**TASK STATEMENT**
Print the data exactly. Pictures stay out.

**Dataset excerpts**
──────────
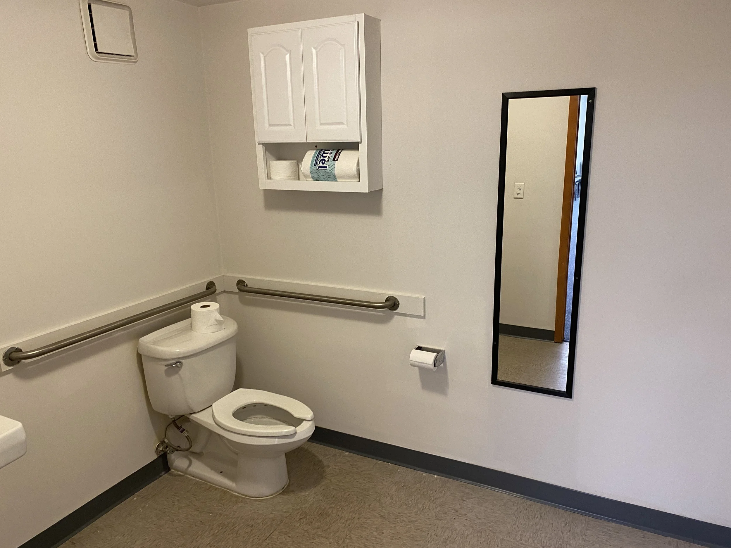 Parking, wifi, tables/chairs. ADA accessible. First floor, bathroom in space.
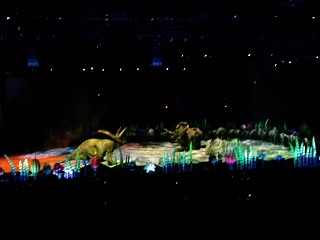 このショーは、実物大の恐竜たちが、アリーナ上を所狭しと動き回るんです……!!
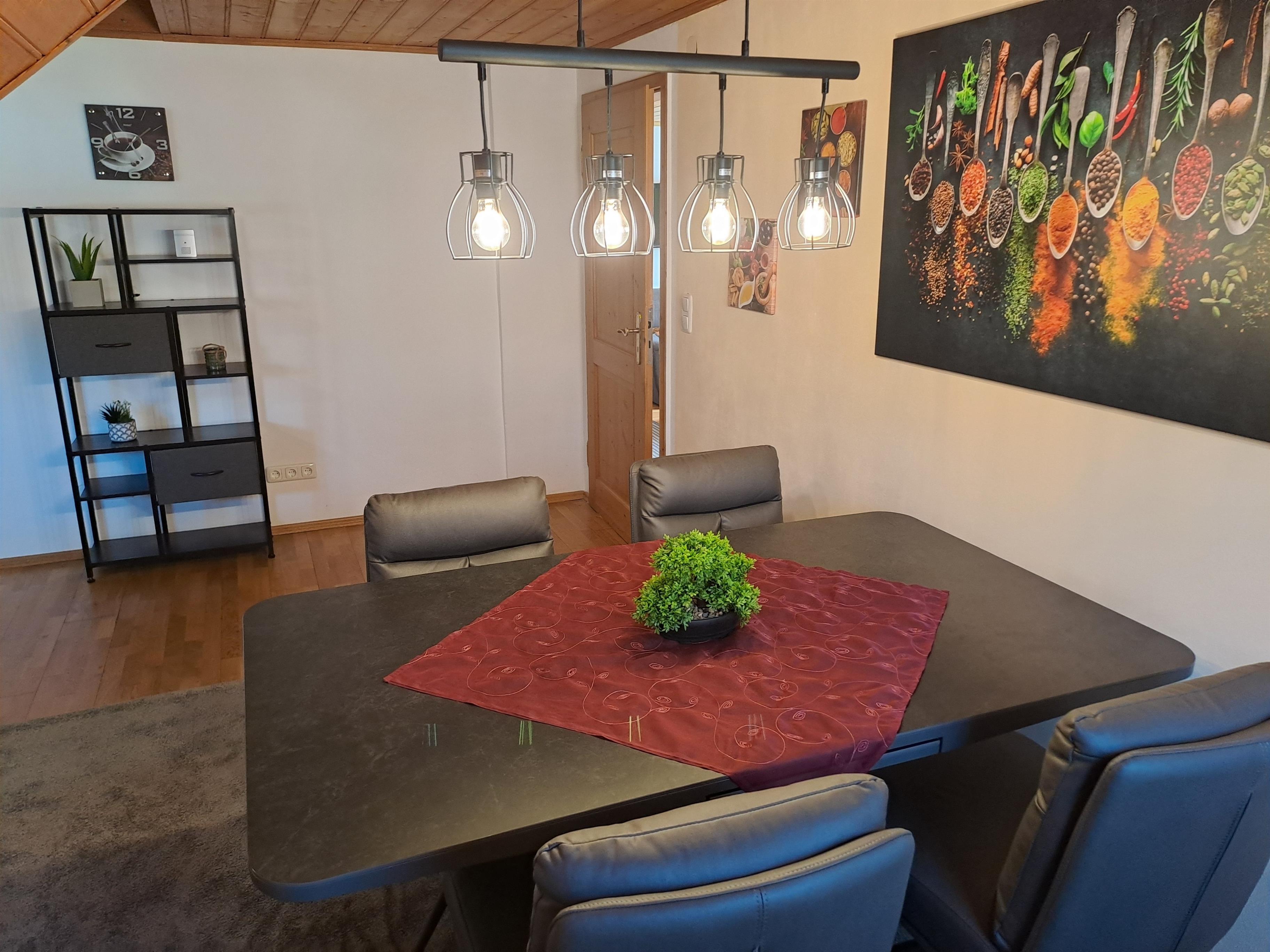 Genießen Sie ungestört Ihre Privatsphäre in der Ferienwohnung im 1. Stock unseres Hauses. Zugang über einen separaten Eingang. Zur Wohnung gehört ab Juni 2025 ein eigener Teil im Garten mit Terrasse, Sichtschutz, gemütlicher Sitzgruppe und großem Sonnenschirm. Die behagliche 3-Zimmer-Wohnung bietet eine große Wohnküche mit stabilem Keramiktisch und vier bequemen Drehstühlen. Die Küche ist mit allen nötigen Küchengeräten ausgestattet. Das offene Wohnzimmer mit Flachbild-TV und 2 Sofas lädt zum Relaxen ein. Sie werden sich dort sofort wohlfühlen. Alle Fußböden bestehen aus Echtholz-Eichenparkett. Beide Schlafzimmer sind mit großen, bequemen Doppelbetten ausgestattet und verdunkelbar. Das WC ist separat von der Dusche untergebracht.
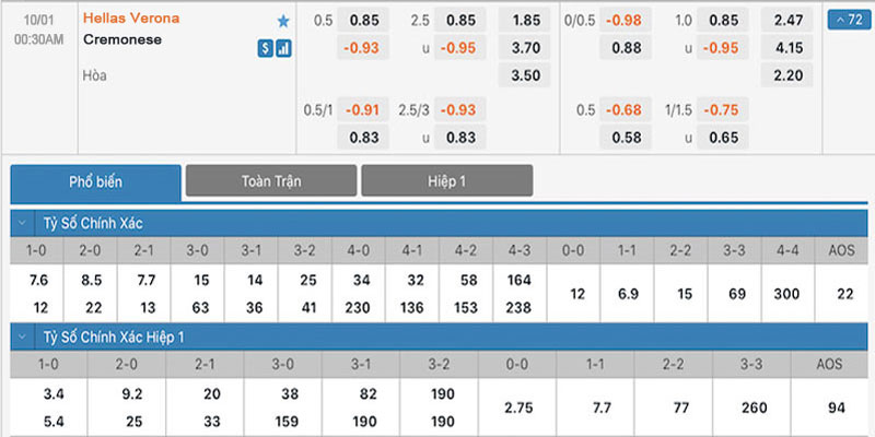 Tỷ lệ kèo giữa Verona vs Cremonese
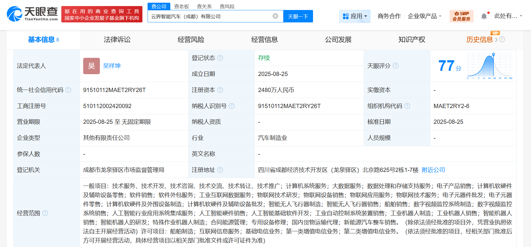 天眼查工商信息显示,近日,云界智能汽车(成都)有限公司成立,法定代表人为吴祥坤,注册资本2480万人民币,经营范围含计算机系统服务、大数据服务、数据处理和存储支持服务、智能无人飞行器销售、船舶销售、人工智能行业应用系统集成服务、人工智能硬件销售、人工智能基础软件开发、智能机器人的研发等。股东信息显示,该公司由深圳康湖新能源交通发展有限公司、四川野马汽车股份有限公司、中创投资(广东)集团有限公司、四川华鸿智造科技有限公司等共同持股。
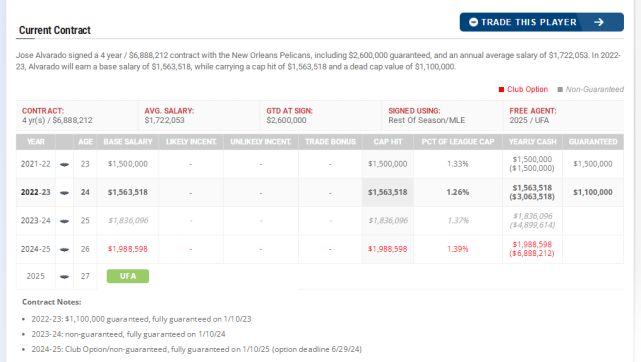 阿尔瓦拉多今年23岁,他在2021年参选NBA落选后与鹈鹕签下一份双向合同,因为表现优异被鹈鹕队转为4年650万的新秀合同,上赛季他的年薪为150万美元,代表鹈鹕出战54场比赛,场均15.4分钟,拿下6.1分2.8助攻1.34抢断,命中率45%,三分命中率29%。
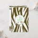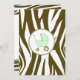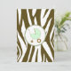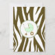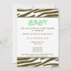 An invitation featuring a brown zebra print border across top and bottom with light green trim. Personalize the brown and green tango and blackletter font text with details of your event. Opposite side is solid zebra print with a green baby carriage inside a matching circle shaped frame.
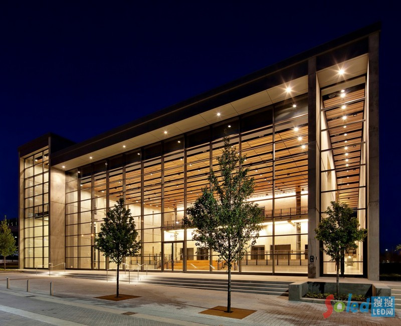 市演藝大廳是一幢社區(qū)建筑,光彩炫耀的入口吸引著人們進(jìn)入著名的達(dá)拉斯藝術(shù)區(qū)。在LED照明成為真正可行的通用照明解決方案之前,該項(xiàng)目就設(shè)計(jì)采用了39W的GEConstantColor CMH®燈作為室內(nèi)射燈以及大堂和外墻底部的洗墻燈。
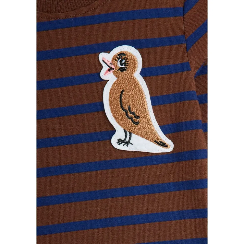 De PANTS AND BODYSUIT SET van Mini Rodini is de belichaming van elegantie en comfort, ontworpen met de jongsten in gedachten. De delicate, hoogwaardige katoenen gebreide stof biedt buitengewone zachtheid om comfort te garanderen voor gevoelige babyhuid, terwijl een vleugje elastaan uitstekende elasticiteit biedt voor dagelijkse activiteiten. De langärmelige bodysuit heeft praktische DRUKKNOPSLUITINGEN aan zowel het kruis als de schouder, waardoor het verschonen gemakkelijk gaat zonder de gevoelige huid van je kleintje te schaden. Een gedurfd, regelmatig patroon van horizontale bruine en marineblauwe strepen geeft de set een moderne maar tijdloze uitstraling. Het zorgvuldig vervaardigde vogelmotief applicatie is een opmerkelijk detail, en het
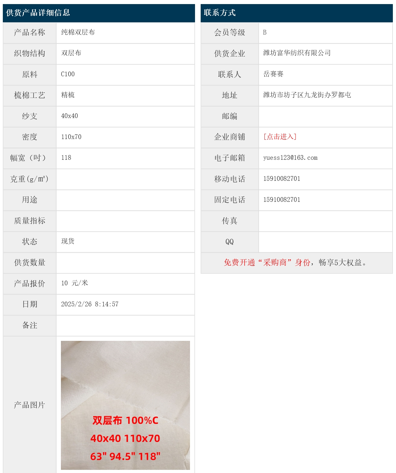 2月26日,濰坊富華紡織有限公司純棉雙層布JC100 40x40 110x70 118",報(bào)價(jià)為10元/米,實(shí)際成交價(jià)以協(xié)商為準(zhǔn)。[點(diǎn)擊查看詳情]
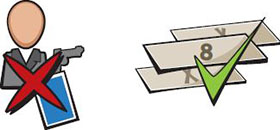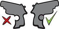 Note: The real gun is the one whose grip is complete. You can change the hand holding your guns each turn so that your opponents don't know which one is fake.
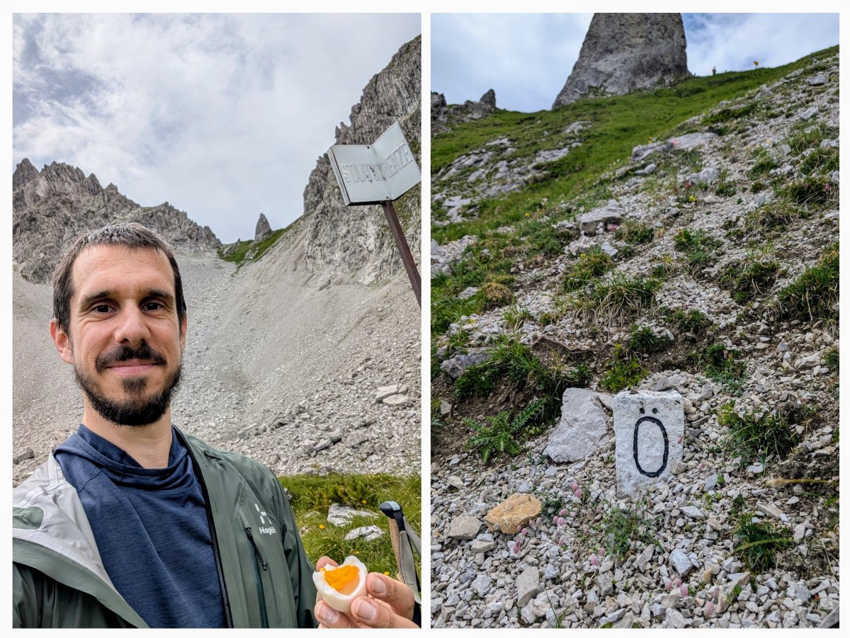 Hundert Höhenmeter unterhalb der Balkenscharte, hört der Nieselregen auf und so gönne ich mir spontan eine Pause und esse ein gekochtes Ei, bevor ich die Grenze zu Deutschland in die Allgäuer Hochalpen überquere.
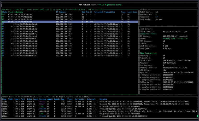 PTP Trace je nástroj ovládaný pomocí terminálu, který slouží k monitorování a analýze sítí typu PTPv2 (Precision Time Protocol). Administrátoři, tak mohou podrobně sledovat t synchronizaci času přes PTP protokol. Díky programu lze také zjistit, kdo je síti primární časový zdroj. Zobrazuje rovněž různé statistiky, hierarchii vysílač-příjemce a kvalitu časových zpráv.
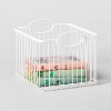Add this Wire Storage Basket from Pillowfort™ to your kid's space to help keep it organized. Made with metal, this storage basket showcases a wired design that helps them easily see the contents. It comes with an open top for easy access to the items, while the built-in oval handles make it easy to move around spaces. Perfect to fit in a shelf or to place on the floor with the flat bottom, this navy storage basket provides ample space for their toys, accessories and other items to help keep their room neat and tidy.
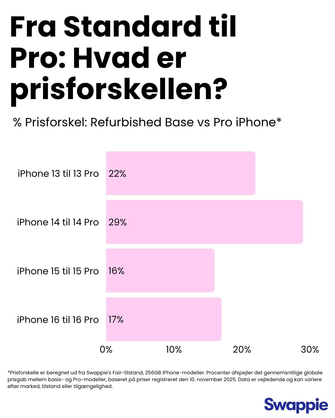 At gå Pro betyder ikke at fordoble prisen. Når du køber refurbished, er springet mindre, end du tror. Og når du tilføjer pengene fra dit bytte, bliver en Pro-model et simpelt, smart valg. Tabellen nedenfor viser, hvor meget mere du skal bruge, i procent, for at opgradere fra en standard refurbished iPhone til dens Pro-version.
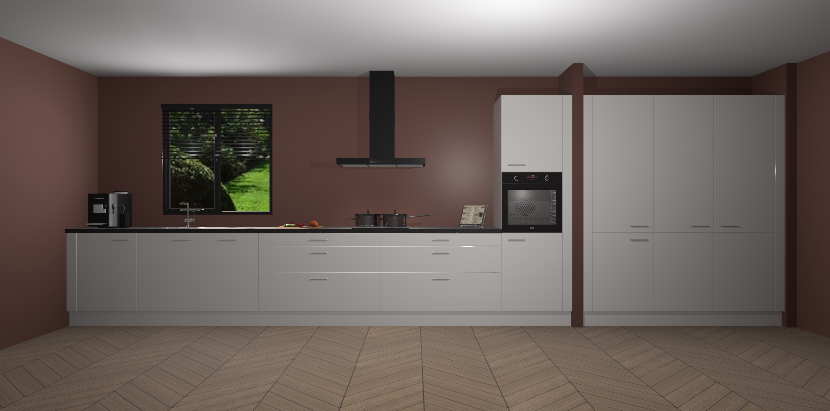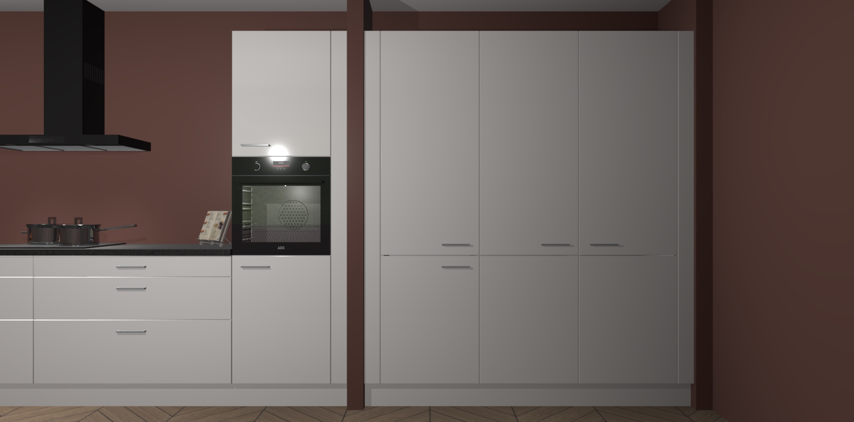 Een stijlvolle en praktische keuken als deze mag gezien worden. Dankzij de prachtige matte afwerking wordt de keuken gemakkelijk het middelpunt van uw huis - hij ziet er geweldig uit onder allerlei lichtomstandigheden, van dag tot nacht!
──────────
**YOUR RESPONSE**
 Parking, wifi, tables/chairs. ADA accessible. First floor, bathroom in space.
 このショーは、実物大の恐竜たちが、アリーナ上を所狭しと動き回るんです……!!
 Genießen Sie ungestört Ihre Privatsphäre in der Ferienwohnung im 1. Stock unseres Hauses. Zugang über einen separaten Eingang. Zur Wohnung gehört ab Juni 2025 ein eigener Teil im Garten mit Terrasse, Sichtschutz, gemütlicher Sitzgruppe und großem Sonnenschirm. Die behagliche 3-Zimmer-Wohnung bietet eine große Wohnküche mit stabilem Keramiktisch und vier bequemen Drehstühlen. Die Küche ist mit allen nötigen Küchengeräten ausgestattet. Das offene Wohnzimmer mit Flachbild-TV und 2 Sofas lädt zum Relaxen ein. Sie werden sich dort sofort wohlfühlen. Alle Fußböden bestehen aus Echtholz-Eichenparkett. Beide Schlafzimmer sind mit großen, bequemen Doppelbetten ausgestattet und verdunkelbar. Das WC ist separat von der Dusche untergebracht.
 Tỷ lệ kèo giữa Verona vs Cremonese
 天眼查工商信息显示,近日,云界智能汽车(成都)有限公司成立,法定代表人为吴祥坤,注册资本2480万人民币,经营范围含计算机系统服务、大数据服务、数据处理和存储支持服务、智能无人飞行器销售、船舶销售、人工智能行业应用系统集成服务、人工智能硬件销售、人工智能基础软件开发、智能机器人的研发等。股东信息显示,该公司由深圳康湖新能源交通发展有限公司、四川野马汽车股份有限公司、中创投资(广东)集团有限公司、四川华鸿智造科技有限公司等共同持股。
 阿尔瓦拉多今年23岁,他在2021年参选NBA落选后与鹈鹕签下一份双向合同,因为表现优异被鹈鹕队转为4年650万的新秀合同,上赛季他的年薪为150万美元,代表鹈鹕出战54场比赛,场均15.4分钟,拿下6.1分2.8助攻1.34抢断,命中率45%,三分命中率29%。
 An invitation featuring a brown zebra print border across top and bottom with light green trim. Personalize the brown and green tango and blackletter font text with details of your event. Opposite side is solid zebra print with a green baby carriage inside a matching circle shaped frame.
 市演藝大廳是一幢社區(qū)建筑,光彩炫耀的入口吸引著人們進(jìn)入著名的達(dá)拉斯藝術(shù)區(qū)。在LED照明成為真正可行的通用照明解決方案之前,該項(xiàng)目就設(shè)計(jì)采用了39W的GEConstantColor CMH®燈作為室內(nèi)射燈以及大堂和外墻底部的洗墻燈。
 De PANTS AND BODYSUIT SET van Mini Rodini is de belichaming van elegantie en comfort, ontworpen met de jongsten in gedachten. De delicate, hoogwaardige katoenen gebreide stof biedt buitengewone zachtheid om comfort te garanderen voor gevoelige babyhuid, terwijl een vleugje elastaan uitstekende elasticiteit biedt voor dagelijkse activiteiten. De langärmelige bodysuit heeft praktische DRUKKNOPSLUITINGEN aan zowel het kruis als de schouder, waardoor het verschonen gemakkelijk gaat zonder de gevoelige huid van je kleintje te schaden. Een gedurfd, regelmatig patroon van horizontale bruine en marineblauwe strepen geeft de set een moderne maar tijdloze uitstraling. Het zorgvuldig vervaardigde vogelmotief applicatie is een opmerkelijk detail, en het
 2月26日,濰坊富華紡織有限公司純棉雙層布JC100 40x40 110x70 118",報(bào)價(jià)為10元/米,實(shí)際成交價(jià)以協(xié)商為準(zhǔn)。[點(diǎn)擊查看詳情]
 Note: The real gun is the one whose grip is complete. You can change the hand holding your guns each turn so that your opponents don't know which one is fake.
 Hundert Höhenmeter unterhalb der Balkenscharte, hört der Nieselregen auf und so gönne ich mir spontan eine Pause und esse ein gekochtes Ei, bevor ich die Grenze zu Deutschland in die Allgäuer Hochalpen überquere.
 PTP Trace je nástroj ovládaný pomocí terminálu, který slouží k monitorování a analýze sítí typu PTPv2 (Precision Time Protocol). Administrátoři, tak mohou podrobně sledovat t synchronizaci času přes PTP protokol. Díky programu lze také zjistit, kdo je síti primární časový zdroj. Zobrazuje rovněž různé statistiky, hierarchii vysílač-příjemce a kvalitu časových zpráv.
Add this Wire Storage Basket from Pillowfort™ to your kid's space to help keep it organized. Made with metal, this storage basket showcases a wired design that helps them easily see the contents. It comes with an open top for easy access to the items, while the built-in oval handles make it easy to move around spaces. Perfect to fit in a shelf or to place on the floor with the flat bottom, this navy storage basket provides ample space for their toys, accessories and other items to help keep their room neat and tidy.
 At gå Pro betyder ikke at fordoble prisen. Når du køber refurbished, er springet mindre, end du tror. Og når du tilføjer pengene fra dit bytte, bliver en Pro-model et simpelt, smart valg. Tabellen nedenfor viser, hvor meget mere du skal bruge, i procent, for at opgradere fra en standard refurbished iPhone til dens Pro-version.
 Een stijlvolle en praktische keuken als deze mag gezien worden. Dankzij de prachtige matte afwerking wordt de keuken gemakkelijk het middelpunt van uw huis - hij ziet er geweldig uit onder allerlei lichtomstandigheden, van dag tot nacht!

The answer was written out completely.